Cooperative Development Director
Ron Gaydos has extensive experience in economic development, organizational strategy, and special projects management as well as cooperatives. In 2015 Ron co-founded the Pittsburgh Chamber of Cooperatives, the Pittsburgh region’s hands-on resource for cooperative business.
Ron was introduced to cooperative economics through the EF Schumacher Society, now the national New Economy Coalition, in study sponsored by several Pittsburgh community leaders. He has recently trained in consent-based governance and with other Chamber members also conducts consent-based decision making and training sessions among cooperatives and workgroups interested in non-hierarchical collaboration.
Ron is a longtime advocate for equity, inclusion, and fairness in community economic development. His work on major community development projects is known for these emphases. He has started three businesses and has served as a consultant for many other business owners.

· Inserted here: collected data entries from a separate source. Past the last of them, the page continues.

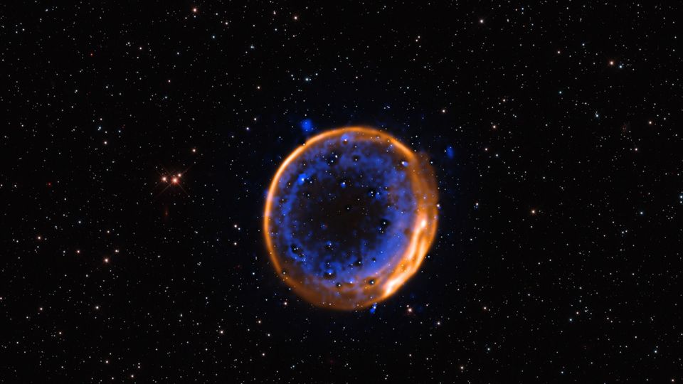 Wenn ein Stern explodiert,sprechen Astronomen von einer Supernova. Und manchmal knallt es dabei nicht nur einmal,sondern gleich zweimal,wie jetzt ein internationales Forschungsteam erstmals nachweisen konnte. Bei einer 160.000 Lichtjahre entfernten Gaswolke in der Großen Magellanschen Wolke,einer Satellitengalaxie der Milchstraße,handelt es sich um den Überrest einer solchen doppelten Sternexplosion,wie die Wissenschaftler im Fachblatt »Nature Astronomy« berichten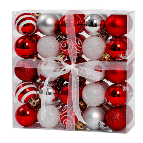 Шары елочные НАБОР 42 предмета "Red and White Shine", пластик, красный/белый, ЗОЛОТАЯ СКАЗКА, 592589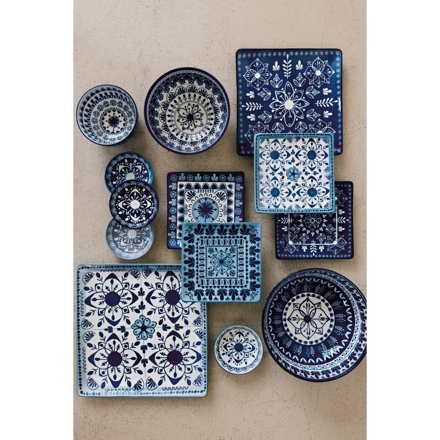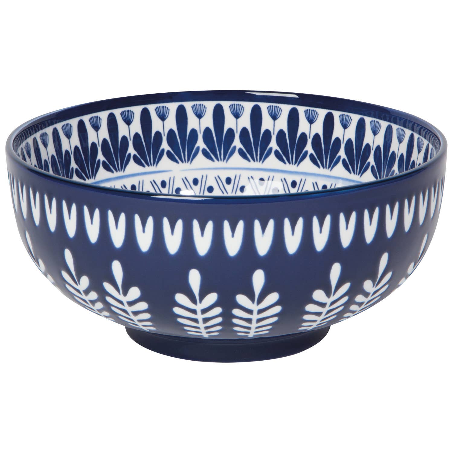 Eye-catching porcelain bowls with contrasting patterns are stunning, either as a collection or as accent pieces. Stamped designs feature bold patterns while embossed surfaces are a delight to the touch. Hand-painted rims are the final touch.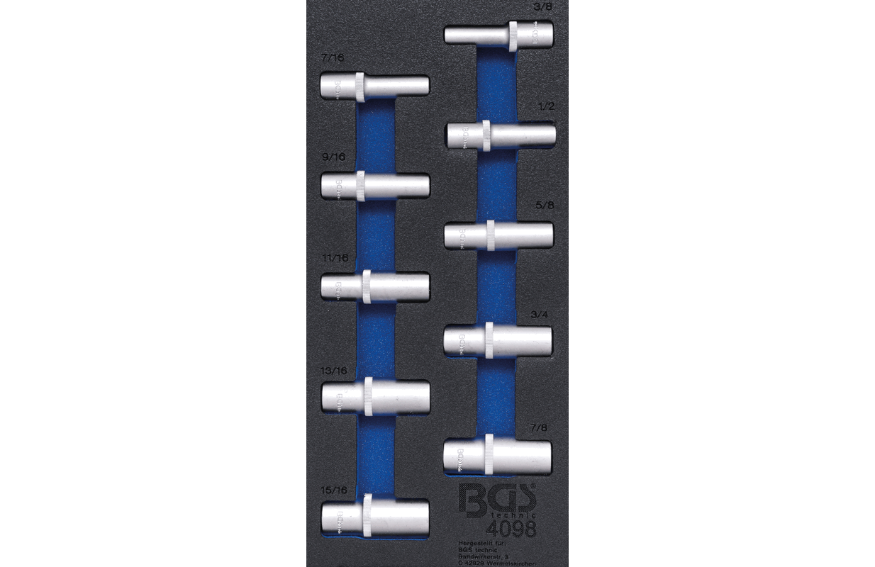 • 10 sockets, 12.5 mm (1/2“) drive: 3/8" - 7/16" - 1/2" - 9/16" - 5/8" - 11/16" - 3/4" - 13/16" - 7/8" - 15/16"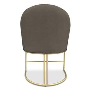 A base metálica em dourado confere à cadeira um aspecto industrial moderno, proporcionando um contraste encantador com o tecido em suede. Essa mistura de materiais agrega um ar contemporâneo e luxuoso ao ambiente, além de assegurar estabilidade e durabilidade à peça. O acabamento cuidadoso realça ainda mais a beleza e a qualidade do produto.

For three years he was a member of a cooperative household that harmoniously (mostly) managed everyday living, upkeep and renovations, and household social events. When it came time for his son to go to elementary school, Ron and his wife got together with 4 other families in an informal after-school co-op, having five more children at home one day a week for after school snacks, homework time, and activities among all five families. Ron also founded and operated a labor exchange and business referral network of community-based business owners known as The Rainbow Trust Collective.

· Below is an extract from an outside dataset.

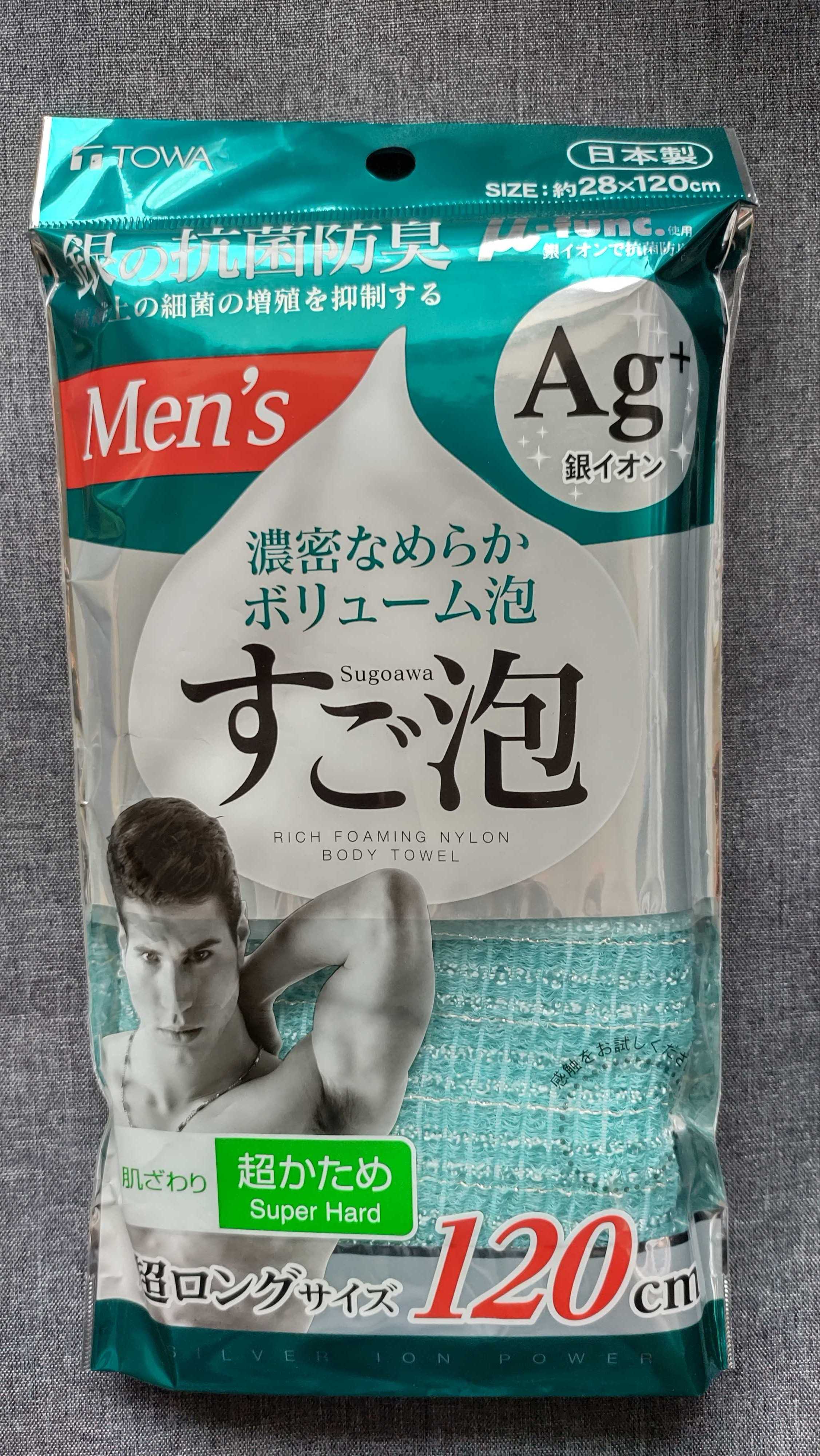 長さが120cmなので背中も洗いやすく、泡立ちもかなり良いです。一番の押しは超固めの材質で、洗っているときの刺激が心地よく汚れが全て落ちそうです。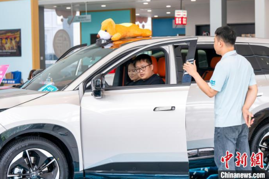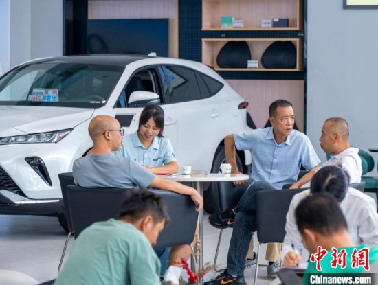 6月3日,廣西梧州市一汽車專賣店內(nèi),顧客在了解選購車型并咨詢汽車“以舊換新”補(bǔ)貼政策。今年以來,梧州市汽車消費(fèi)市場持續(xù)活躍,成為拉動(dòng)消費(fèi)增長重要引擎,新能源汽車成消費(fèi)亮點(diǎn)。眾多車企推出優(yōu)惠補(bǔ)貼,疊加國家和地方補(bǔ)貼政策,加大購車優(yōu)惠力度,吸引消費(fèi)者進(jìn)店咨詢選購、試乘試駕,助推銷量穩(wěn)步提升。何華文 攝

After graduate study at the Heinz College at Carnegie Mellon University, Ron began to work on several high-profile projects involving former industrial sites and their conversion, workforce development, and technology-assisted community discourse. This project management experience organizing complex initiatives, coupled with his fervor for business practices and economic policies that create shared value, has led him to strive be one of the leading proponents of cooperatives in southwestern Pennsylvania.